EXTRACTED DATA
* * * *

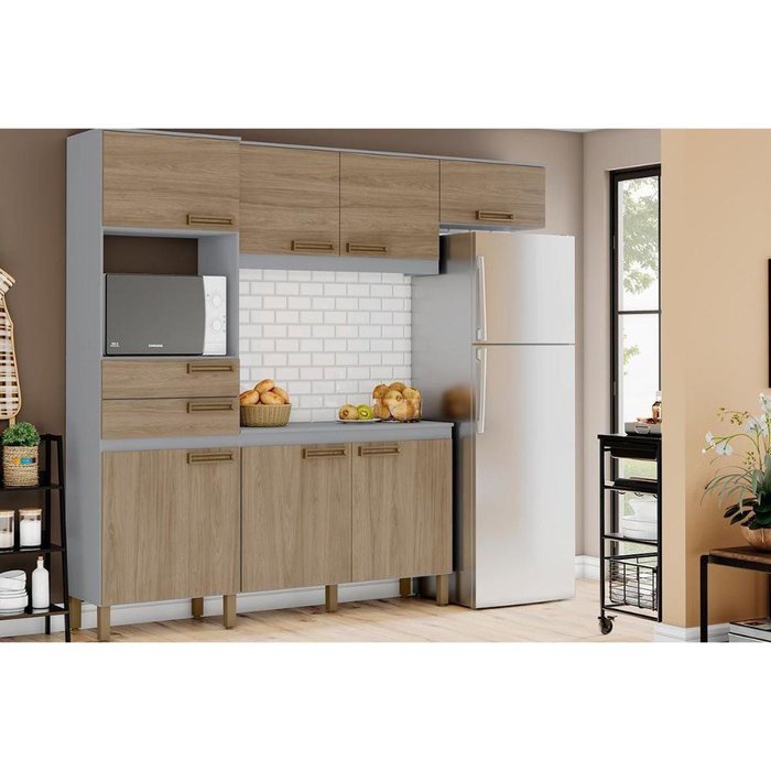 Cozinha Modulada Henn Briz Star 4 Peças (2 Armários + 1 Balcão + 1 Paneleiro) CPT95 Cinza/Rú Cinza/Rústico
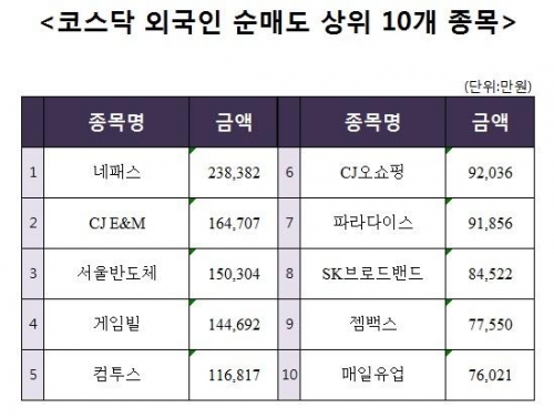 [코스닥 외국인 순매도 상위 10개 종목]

* * * *

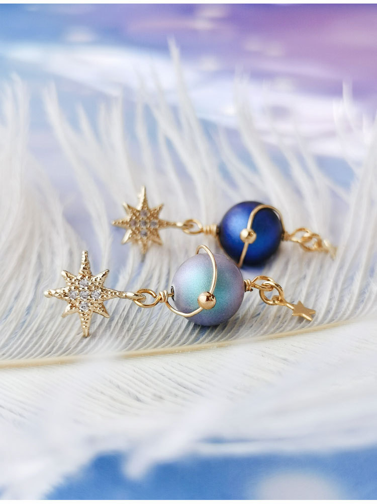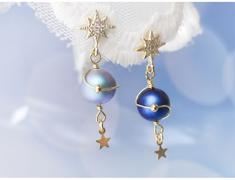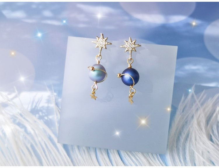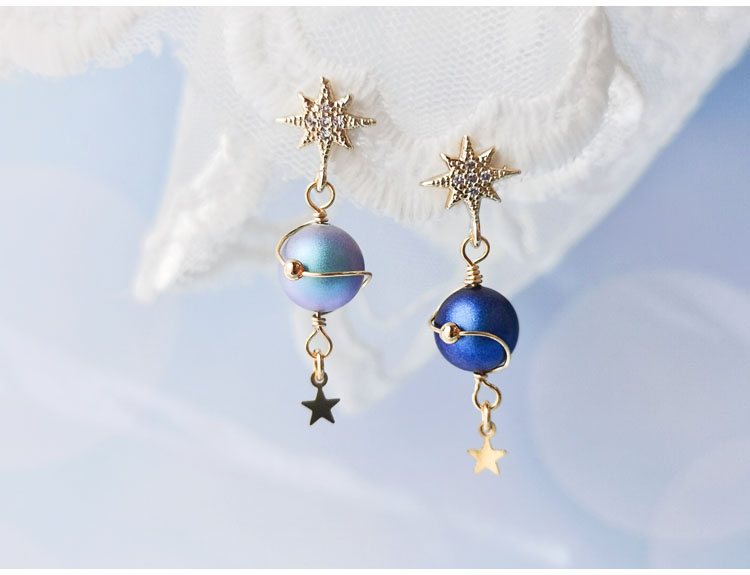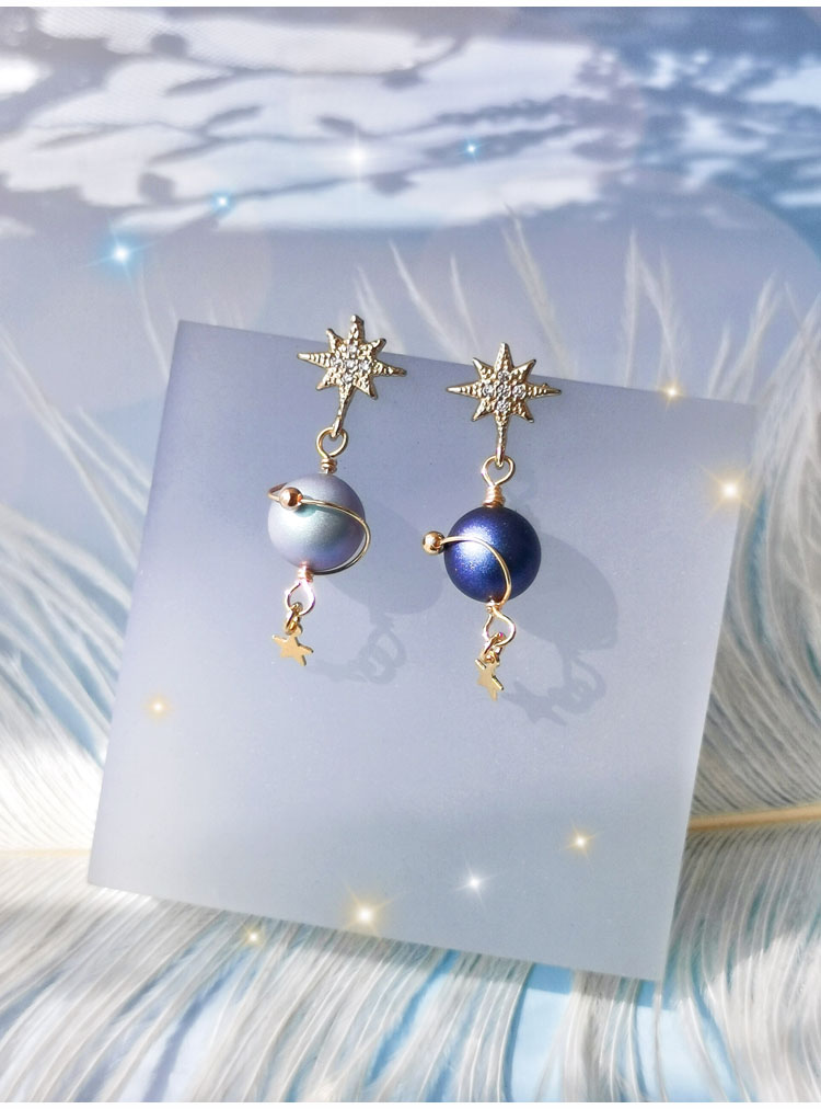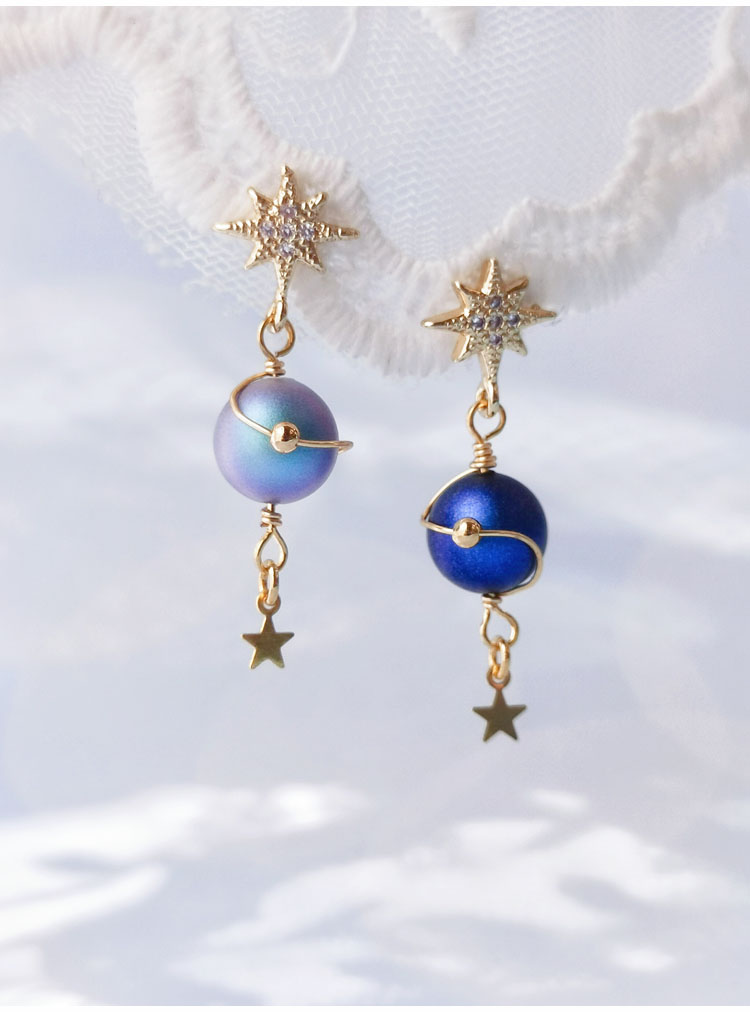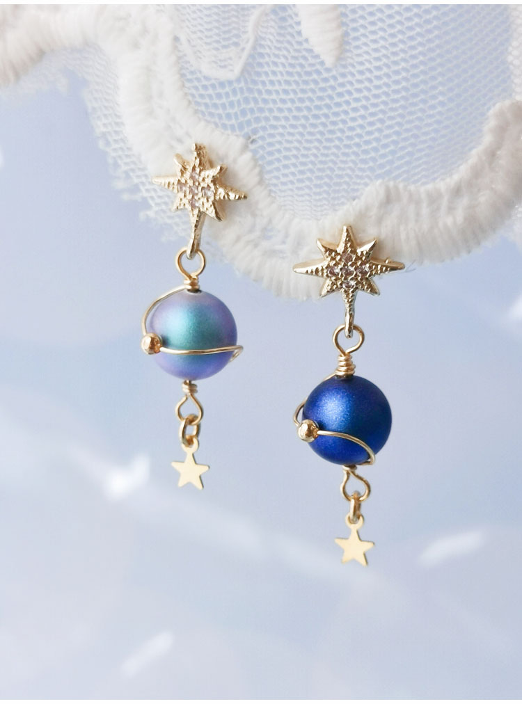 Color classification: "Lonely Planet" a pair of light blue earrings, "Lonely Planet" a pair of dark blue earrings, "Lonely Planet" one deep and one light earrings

* * * *

Take only the lines above from the one that has "Cozinha Modulada Henn" through the one that has "[코스닥 외국인 순매도 상위 10개 종목]" and reproduce them exactly, omitting any pictures.

EXERCISE OUTPUT
 Cozinha Modulada Henn Briz Star 4 Peças (2 Armários + 1 Balcão + 1 Paneleiro) CPT95 Cinza/Rú Cinza/Rústico
 [코스닥 외국인 순매도 상위 10개 종목]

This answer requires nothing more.